Google Allo messaging app offers end-to-end crypto, but not as default
On Wednesday, at its annual developer-focused conference, Google introduced two new cross-platform apps: Allo and Duo. Google Allo is a messaging app, and Duo is a video calling app.
Allo has been dubbed a “smart” app, as it integrates machine learning, Google’s bot-based Google Assistant, and has a Smart Reply feature that will suggest responses.
More details about the app’s capabilities can be found here, but what interests security-minded individuals the most are the security and privacy options it provides.
Allo has an Incognito mode.
“Chats in Incognito mode will have end-to-end encryption and discreet notifications, and we’ll continue to add new features to this mode,” Amit Fulay and Yariv Adan, group product managers at Google, explained.
Open Whisper Systems’ Moxie Marlinspike revealed that the app is using their open source Signal Protocol to power its incognito mode, and promised to provide more technical details and a summary of the integration when the app is available (the release is scheduled for this summer).

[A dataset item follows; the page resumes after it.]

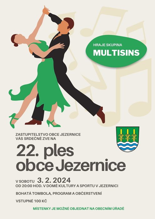 Zastupitelstvo obce Jezernice Vás srdečně zve na 22. ples obce Jezernice, který se koná v sobotu 3. 2. 2024 od 20 hodin v Domě kultury a sportu v Jezernici. Hraje skupina MULTISINS. Bohatá tombola, program a občerstvení zajištěno. Vstupné 100 Kč.

But privacy advocates are not satisfied because encrypted chat is not turned on by default.
“Making crypto opt-in hurts users who know least about tech,” Christopher Soghoian, a technologist at the American Civil Liberties Union, noted on Twitter. “Google Allo is Telegram, except with user data held in the US, and thus easier for the US gov to obtain.”
Not providing end-to-end encryption was likely not an option, as Google’s competition in the messaging app market – Apple’s iMessage, Facebook’s Whatsapp, Viber – all offer it, and in the first two it’s enabled by default.
Soghoian believes that making encryption opt-in was a decision made by the business and legal teams, and that the choice was made both to favor Google, who wants to mine the information in users’ chats, and governments – United States’ in particular.
As one Twitter user succinctly commented, “Every tweet I read about Google Allo I see Jim Comey in my mind, saying some companies have adjusted their business model.”
Edward Snowden, who openly uses Open Whisper Systems’ Signal messaging app and believes communications via it to be safe, has advised avoiding Allo for now.